SELECT * FROM customers;

3. CTE over sub-query

Best Practice

Use Common Table Expressions (CTEs) to make complex queries more readable and maintainable instead of using sub-queries.
Good Example

WITH OrderTotals AS (
    SELECT 
        customer_id,
        SUM(order_amount) AS total_amount
    FROM 
        orders
    GROUP BY 
        customer_id
)
SELECT 
    c.customer_id,
    c.first_name,
    ot.total_amount
FROM 
    customers c
JOIN 
    OrderTotals ot ON c.customer_id = ot.customer_id;

Bad Example

SELECT 
    c.customer_id,
    c.first_name,
    (
        SELECT 
            SUM(o.order_amount)
        FROM 
            orders o
        WHERE 
            o.customer_id = c.customer_id
    ) AS total_amount
FROM 
    customers c;

4. Early filter where possible

Best Practice

Filter records as early as possible in the query to reduce the number of rows processed by subsequent operations.

Snowflake Optimization: This approach allows Snowflake to scan only the necessary data, reducing computational load and potentially cost.

Good Example

WITH FilteredOrders AS (
    SELECT 
        order_id,
        customer_id,
        order_date
    FROM 
        orders
    WHERE 
        order_date >= '2023-01-01'
)
SELECT 
    c.customer_id,
    c.first_name,
    fo.order_id,
    fo.order_date
FROM 
    customers c
JOIN 
    FilteredOrders fo ON c.customer_id = fo.customer_id;

Bad Example

SELECT 
    c.customer_id,
    c.first_name,
    o.order_id,
    o.order_date
FROM 
    customers c
JOIN 
    orders o ON c.customer_id = o.customer_id
WHERE 
    o.order_date >= '2023-01-01';

5. WHERE clause instead of HAVING

Best Practice

Use the WHERE clause to filter records before aggregation, and use HAVING only to filter records after aggregation.
Good Example

SELECT 
    customer_id,
    COUNT(order_id) as order_count
FROM 
    orders
WHERE 
    order_date >= '2023-01-01'
GROUP BY 
    customer_id
HAVING 
    COUNT(order_id) > 5;

Bad Example

SELECT 
    customer_id,
    COUNT(order_id) as order_count
FROM 
    orders
GROUP BY 
    customer_id
HAVING 
    order_date >= '2023-01-01'
AND 
    COUNT(order_id) > 5;

6. INNER JOIN over LEFT/RIGHT JOIN

Best Practice

Use INNER JOIN when you need only the matched records from both tables.

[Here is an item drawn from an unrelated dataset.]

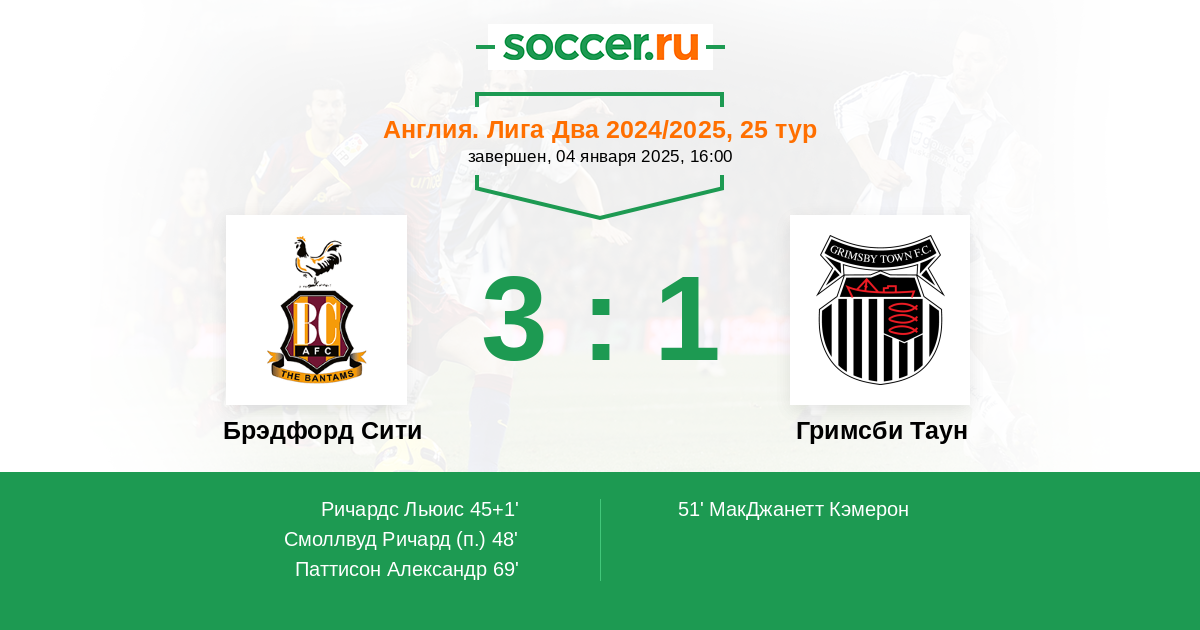 Брэдфорд Сити - Гримсби Таун: обзор матча 4 января 2025

LEFT JOIN or RIGHT JOIN should be used only when you need all records from one table and matched records from the other.
Good Example

SELECT 
    c.customer_id,
    c.first_name,
    o.order_id
FROM 
    customers c
INNER JOIN 
    orders o ON c.customer_id = o.customer_id;

Bad Example

SELECT 
    c.customer_id,
    c.first_name,
    o.order_id
FROM 
    customers c
LEFT JOIN 
    orders o ON c.customer_id = o.customer_id;

7. Join on index or integer column

Best Practice

Join tables on indexed or integer columns to improve performance. Avoid joining on string columns or non-indexed columns.

Snowflake Optimization: Joining on an index or integer column in Snowflake reduce compute costs by speeding up query execution, optimizing storage usage, improving clustering efficiency, and enabling effective partitions pruning.

Good Example

SELECT 
    o.order_id,
    o.order_date,
    c.customer_name
FROM 
    orders o
JOIN 
    customers c ON o.customer_id = c.customer_id;

Bad Example

SELECT 
    o.order_id,
    o.order_date,
    c.customer_name
FROM 
    orders o
JOIN 
    customers c ON o.customer_email = c.customer_email;

8. Use EXISTS() instead of COUNT()

Best Practice

Use EXISTS for checking the existence of rows, which is generally faster than using COUNT(*).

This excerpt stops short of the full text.